Nothing but the lines from the one containing "6年生になって初めての調理実" through the end of the entries below should appear in your answer, transcribed exactly; please drop the pictures.

***** Data shown *****

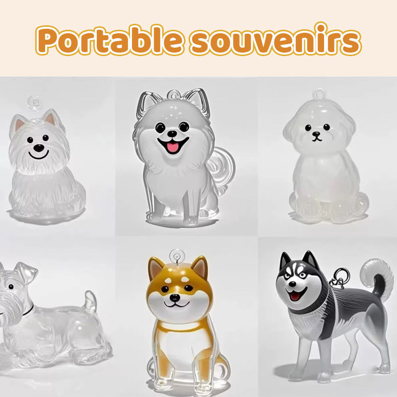 This is a hair memorial box designed for pet lovers. The transparent shell is matched with a puppy shape design, which is gentle and cute. The built-in space can store pet hair, beards and other memorials. It has a ring and can be used as a pendant, keychain, and portable accessories to protect the care and longing at all times.
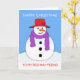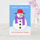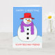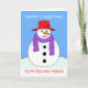 A cartoon snowman wearing a red hat and a purple scarf, accompanied by the words 'Happy Christmas to my red hat friend'.
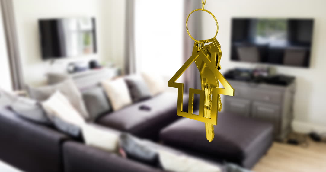 - Golden House Key in Modern Living Room Symbolizing Home Ownership
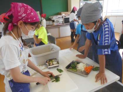 6年生になって初めての調理実習を行いました。朝食のメニューの1つとしていろどり炒めを作りました。また一つ家庭でできることが増えました。
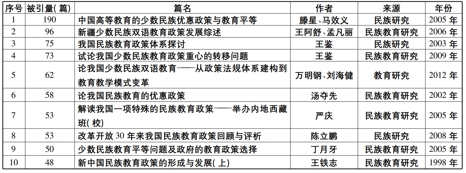 民族教育政策研究领域被引量最高的前10篇文献如表2所示。从表2可以看出,高被引文献主要围绕少数民族优惠政策、双语教育政策、民族教育政策体系及发展脉络、教育平等、内地西藏班(校)等主题展开研究。
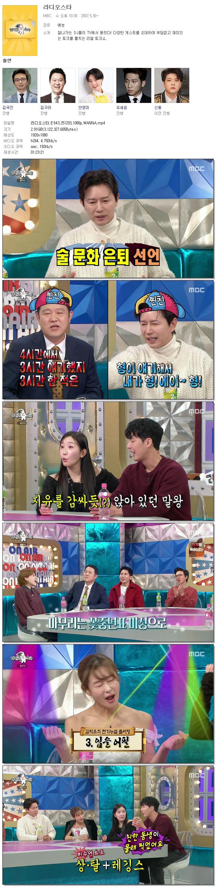 | [MBC] 라디오스타.E943.251203.1080p.WANNA[김민종, 예지원].mp4 | 2.9 G | 01:23:21 | 1920x1080 |

*****

# Exercise result:
 6年生になって初めての調理実習を行いました。朝食のメニューの1つとしていろどり炒めを作りました。また一つ家庭でできることが増えました。
 民族教育政策研究领域被引量最高的前10篇文献如表2所示。从表2可以看出,高被引文献主要围绕少数民族优惠政策、双语教育政策、民族教育政策体系及发展脉络、教育平等、内地西藏班(校)等主题展开研究。
 | [MBC] 라디오스타.E943.251203.1080p.WANNA[김민종, 예지원].mp4 | 2.9 G | 01:23:21 | 1920x1080 |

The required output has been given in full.